Científicos crean método que podría hacer a los barcos casi imposibles de hundir

Investigadores de la Universidad de Rochester desarrollaron un método para hacer flotar tubos de aluminio, incluso si están dañados. Esta tecnología podría aplicarse a plataformas flotantes y sistemas de energía renovable

Más de un siglo después del hundimiento del Titanic, la idea de barcos que no pueden hundirse sigue motivando a los ingenieros. Investigadores del Instituto de Óptica de la Universidad de Rochester dieron un paso significativo hacia este objetivo. Desarrollaron una técnica que permite a tubos de metal ordinario mantenerse a flote, sin importar cuánto tiempo permanezcan bajo el agua o el daño que sufran.

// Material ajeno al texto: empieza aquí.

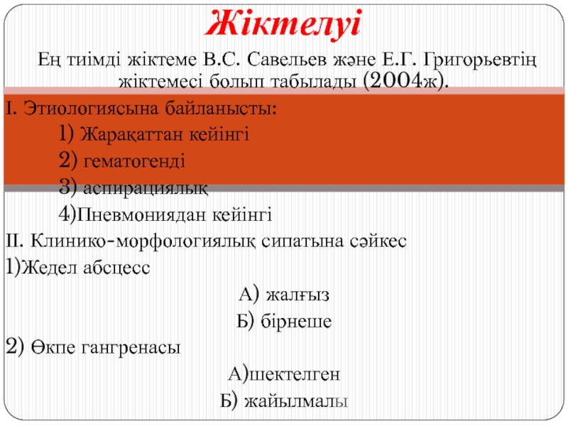 Ең тиімді жіктеме В.С. Савельев және Е.Г. Григорьевтің жіктемесі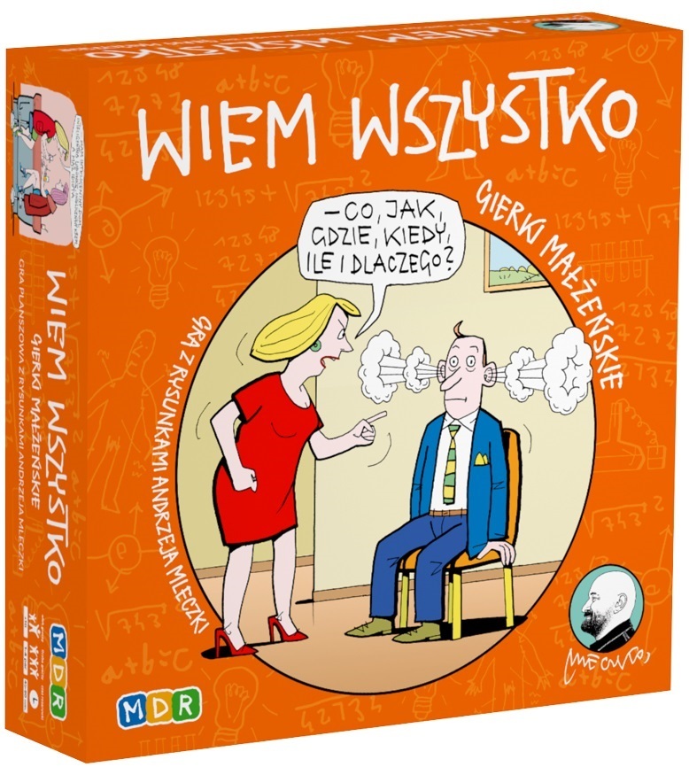 Wiem wszystko to planszowa wersja teleturnieju, w którą można grać we dwoje lub parami, w większym gronie znajomych. Pytania nawiązują do najsłynniejszych formatów show telewizyjnych i odnoszą się do najróżniejszych dziedzin.

El trabajo fue liderado por el profesor Chunlei Guo, quien detalló el nuevo método en un estudio publicado en Advanced Functional Materials. Su enfoque se centra en modificar la superficie interna de los tubos de aluminio mediante un grabado que crea micro y nanosurcos. Esta superficie texturizada se vuelve superhidrofóbica, lo que permite repeler el agua y mantenerse seca.

Cómo el aire atrapado previene el hundimiento

Cuando un tubo tratado se coloca en el agua, su interior repelente de agua captura un bolsillo de aire estable. Este aire atrapado evita que el agua llene el tubo, lo que impide que se vuelva pesado y se hunda. El proceso se asemeja a estrategias naturales observadas en arañas de campana y hormigas de fuego, que forman balsas flotantes con sus cuerpos resistentes al agua.

«Es importante que añadimos un divisor en el medio del tubo, de modo que incluso si se empuja verticalmente al agua, la burbuja de aire se mantenga atrapada y el tubo conserve su capacidad de flotación», explicó Guo.

Estabilidad mejorada en condiciones adversas

El grupo de investigación de Guo demostró por primera vez dispositivos flotantes superhidrofóbicos en 2019. El diseño anterior dependía de dos discos repelentes de agua sellados juntos para crear flotabilidad. Aunque era efectivo, los discos podían perder su capacidad de flotación al inclinarse en ángulos extremos. El nuevo diseño basado en tubos simplifica la estructura y ofrece una estabilidad mucho mayor, especialmente en entornos turbulentos similares a los del océano.

«Los probamos en condiciones realmente difíciles durante semanas y no encontramos degradación en su flotabilidad», comentó Guo. «Se pueden hacer grandes agujeros en ellos, y demostramos que incluso si se dañan severamente con tantos agujeros como se pueda, siguen flotando».

De balsas flotantes a energía renovable

Los investigadores mostraron que múltiples tubos pueden conectarse para formar balsas, que podrían servir como base para barcos, boyas o plataformas flotantes. En pruebas de laboratorio, el equipo experimentó con tubos de diferentes longitudes, alcanzando casi medio metro. Guo afirmó que el diseño puede escalarse a tamaños lo suficientemente grandes como para soportar cargas pesadas.

Más allá del transporte y la infraestructura, el equipo también demostró que las balsas hechas de tubos superhidrofóbicos podrían capturar energía del agua en movimiento. Esta capacidad sugiere un posible papel para la tecnología en la generación de electricidad a partir de olas, añadiendo una aplicación de energía renovable a su lista de posibilidades.

Este proyecto fue respaldado por la National Science Foundation, la Bill and Melinda Gates Foundation y el Goergen Institute for Data Science and Artificial Intelligence de URochester.